The attractively ghoulish protagonist is a sociopath and a murderer, but one with a "conscience", unfortunately an asset as manufactured as his other feelings. But Dexter does his best, given the circumstances. Brilliant and introspective, Dexter charms from the first page, even while distracted, dismembering his latest victim. What makes Dexter's extra-curricular activity bearable is the reason he kills: Dexter only chooses victims who have perpetrated foul deeds, those who would continue harming innocents if not stopped. To be honest, who hasn't secretly applauded the occasional vigilante who takes justice in his own hands, balancing the scales a bit?
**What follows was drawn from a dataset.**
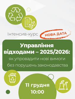 Управління відходами – 2025/2026: як упровадити нові вимоги без порушень законодавства (інтенсив-курс підвищення кваліфікації для інженерів і керівників відділів охорони навколишнього середовища)
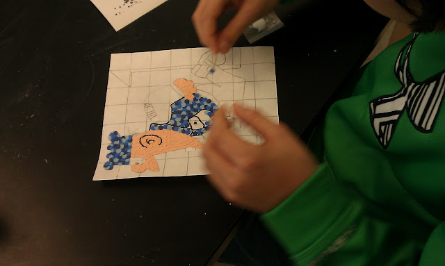 7th grade 2-D students studied the word of Seurat and his use of many colors of painted dots to create a work of art. They learned about pointillism and how the eye will blend various colors together. Students then drew a cartoon or comic book character using the grid method to enlarge and begin using hole punches to make the little dots. Students also discussed collage and learned that a collage has been around since the 10th century but didn't get it's name until Picasso and Braque coined the term in the beginning of the 20th century. Students would be creating a pointillism collage of their own by mixing different shades of dots. Craftsmanship is very important on this project or else they would end up with a gluey mess. The projects are not finished yet but here they are in progress...

Essentially passionless in his pursuit of evil-doers, Dexter is an elegant ghoul, fascinated by blood, the essence of human life. With the self-control of a recently sated vampire, Dexter is intelligent and thorough in his murderous pursuits. Like Rice's Vampire Lestat, this more human predator has a dark, romantic appeal, his dispassionate regard for "necessary" murders seductive and curiously erotic.
Dexter spends his days as a blood spatter analyst for the Miami Dade PD, the perfect job for keeping up with current crime scenes and maintaining a cover, not to mention the chance to troll for other deserving victims. Lurking behind his public self, Dexter is as secure as a serial killer can be. Until another killer shows up, perfectly modeling Dexter's MO. Both anxious and intrigued, Dexter scents a challenge, another creature of the night that lives with a Dark Passenger, as he refers to his murdering alter-ego. But Dexter is torn; he covets this newcomer for himself, but has promised to help his half-sister policewoman solve the case in her bid to become a detective.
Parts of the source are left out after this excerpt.